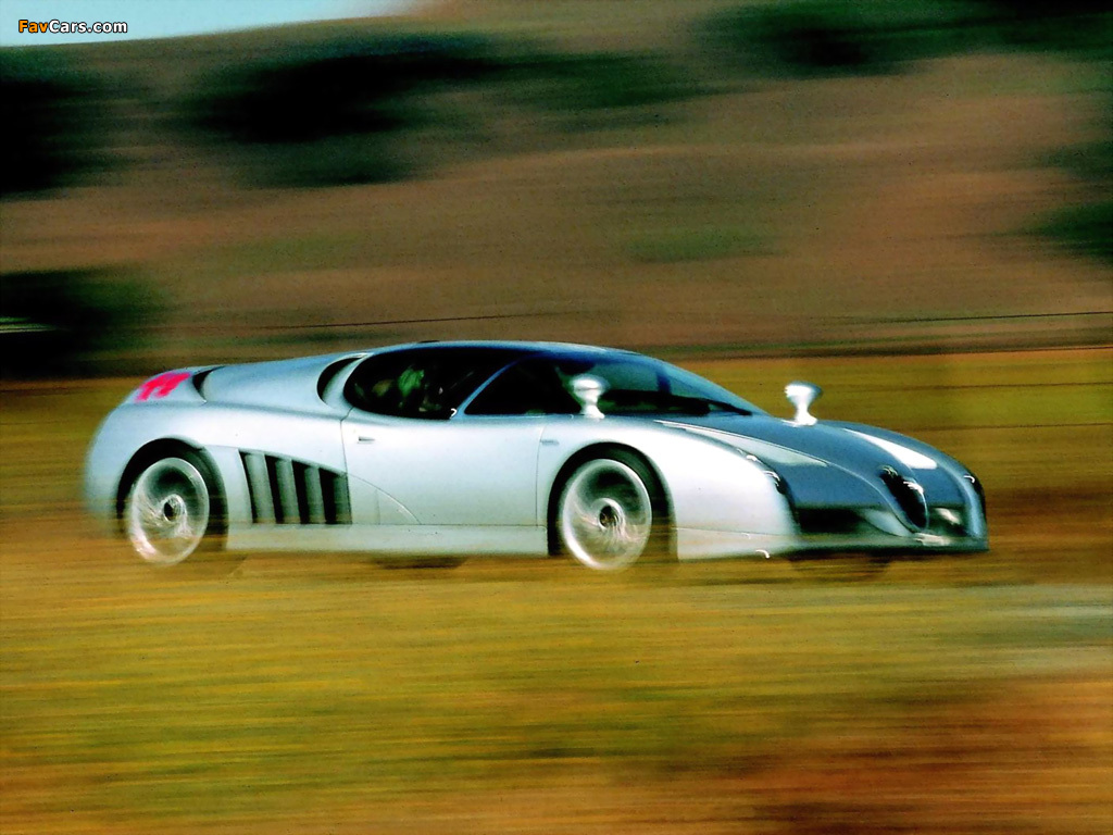Description: A silver sports car driving on a road in the grass and trees in the background.
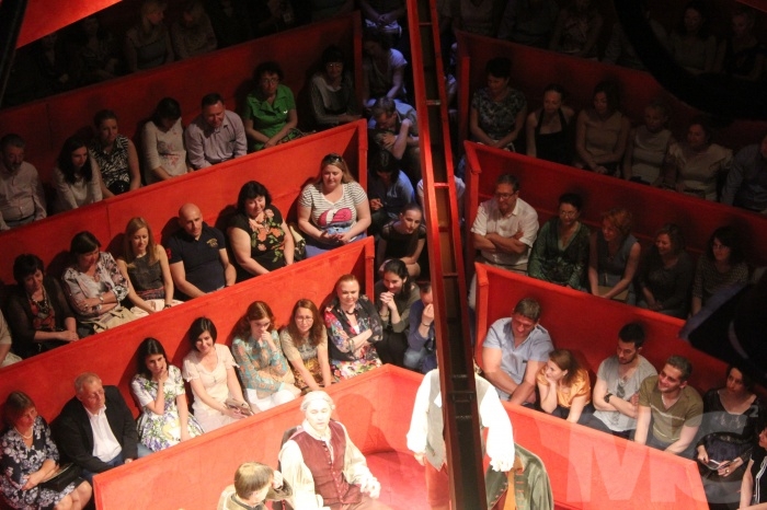 Кстати, спектакль, стоимость посещения которого достигала 3000 рублей, помимо обилеченных зрителей набрал немало представителей творческого Омска, которые на подобные мероприятия обычно проходят по данному им с выбором профессии моральному праву. Специальная конструкция, размещенная на сцене драмтеатра, призвана вместить 140 человек, но вместила почти 200. Многие омские актеры смотрели спектакль, сидя на ступеньках в проходе.
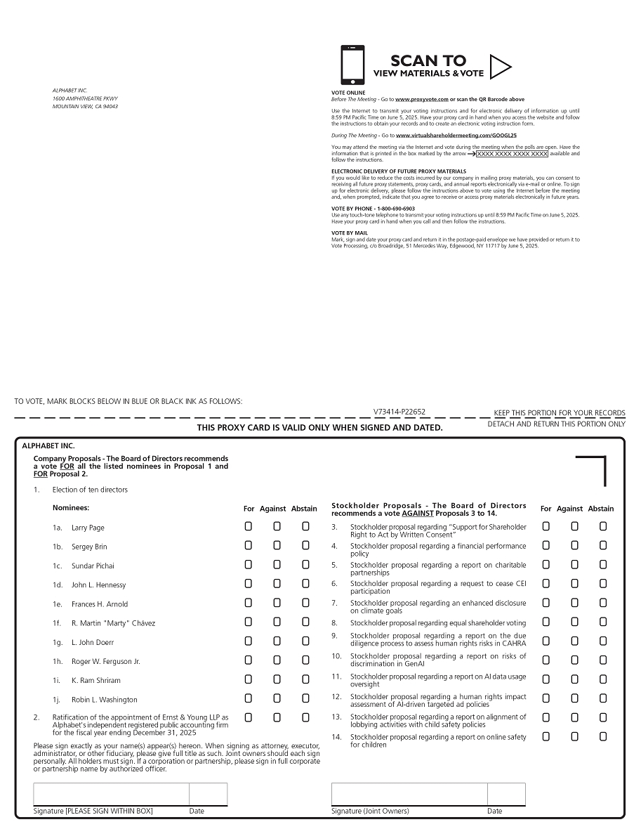 SCAN TO VIEW MATERIALS & VOTE ALPHABET INC. 1600 AMPHITHEATRE PKWY MOUNTAIN VIEW, CA 94043 VOTE ONLINE Before The Meeting - Go to www.proxyvote.com or scan the QR Barcode above Use the Internet to transmit your voting instructions and for electronic delivery of information up until 8:59 PM Pacific Time on June 5, 2025. Have your proxy card in hand when you access the website and follow the instructions to obtain your records and to create an electronic voting instruction form. During The Meeting - Go to www.virtualshareholdermeeting.com/GOOGL25 You may attend the meeting via the Internet and vote during the meeting when the polls are open. Have the information that is printed in the box marked by the arrow XXXX XXXX XXXX XXXX available and follow the instructions. ELECTRONIC DELIVERY OF FUTURE PROXY MATERIALS If you would like to reduce the costs incurred by our company in mailing proxy materials, you can consent to receiving all future proxy statements, proxy cards, and annual reports electronically via e-mail or online. To sign up for electronic delivery, please follow the instructions above to vote using the Internet before the meeting and, when prompted, indicate that you agree to receive or access proxy materials electronically in future years. VOTE BY PHONE - 1-800-690-6903 Use any touch-tone telephone to transmit your voting instructions up until 8:59 PM Pacific Time on June 5, 2025. Have your proxy card in hand when you call and then follow the instructions. VOTE BY MAIL Mark, sign and date your proxy card and return it in the postage-paid envelope we have provided or return it to Vote Processing, c/o Broadridge, 51 Mercedes Way, Edgewood, NY 11717 by June 5, 2025. TO VOTE, MARK BLOCKS BELOW IN BLUE OR BLACK INK AS FOLLOWS: V73414-P22652 KEEP THIS PORTION FOR YOUR RECORDS THIS PROXY CARD IS VALID ONLY WHEN SIGNED AND DATED. DETACH AND RETURN THIS PORTION ONLY ALPHABET INC. Company Proposals - The Board of Directors recommends a vote FOR all the listed nominees in Proposal 1 and FOR Proposal 2. 1. Election of ten directors Stockholder Proposals - The Board of Directors recommends a vote AGAINST Proposals 3 to 14. Nominees: For Against Abstain For Against Abstain 3. Stockholder proposal regarding “Support for Shareholder Right to Act by Written Consent” 1a. Larry Page 1b. Sergey Brin 1c. Sundar Pichai 1d. John L. Hennessy 1e. Frances H. Arnold 1f. R. Martin “Marty” Chávez 1g. L. John Doerr 1h. Roger W. Ferguson Jr. 1i. K. Ram Shriram 1j. Robin L. Washington 4. Stockholder proposal regarding a financial performance policy 5. Stockholder proposal regarding a report on charitable partnerships 6. Stockholder proposal regarding a request to cease CEI participation 7. Stockholder proposal regarding an enhanced disclosure on climate goals 8. Stockholder proposal regarding equal shareholder voting 9. Stockholder proposal regarding a report on the due diligence process to assess human rights risks in CAHRA 10. Stockholder proposal regarding a report on risks of discrimination in GenAI 11. Stockholder proposal regarding a report on AI data usage oversight 12. Stockholder proposal regarding a human rights impact assessment of AI-driven targeted ad policies 13. Stockholder proposal regarding a report on alignment of lobbying activities with child safety policies 2. Ratification of the appointment of Ernst & Young LLP as Alphabet’s independent registered public accounting firm for the fiscal year ending December 31, 2025 14. Stockholder proposal regarding a report on online safety for children Please sign exactly as your name(s) appear(s) hereon. When signing as attorney, executor, administrator, or other fiduciary, please give full title as such. Joint owners should each sign personally. All holders must sign. If a corporation or partnership, please sign in full corporate or partnership name by authorized officer. Signature [PLEASE SIGN WITHIN BOX] Date Signature (Joint Owners) Date
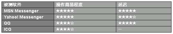 MSN Messenger和Yahoo! Messenger的操作都很簡單,只是MSN Messenger在同樣的畫質下延遲要小于Yahoo! Messenger,表現(xiàn)出更優(yōu)的實用性。QQ操作也不算太復雜,只是會員和非會員在功能上有一些限制,不過在同畫質的延遲方面做的算是出色,ICQ操作沒有測試成功。

PROBLEM DETAILS
Give back exactly the lines from the first line of the data through the line with "Кстати, спектакль, стоимость", pictures excluded.

RESPONSE TO THE EXERCISE
Description: A silver sports car driving on a road in the grass and trees in the background.
 Кстати, спектакль, стоимость посещения которого достигала 3000 рублей, помимо обилеченных зрителей набрал немало представителей творческого Омска, которые на подобные мероприятия обычно проходят по данному им с выбором профессии моральному праву. Специальная конструкция, размещенная на сцене драмтеатра, призвана вместить 140 человек, но вместила почти 200. Многие омские актеры смотрели спектакль, сидя на ступеньках в проходе.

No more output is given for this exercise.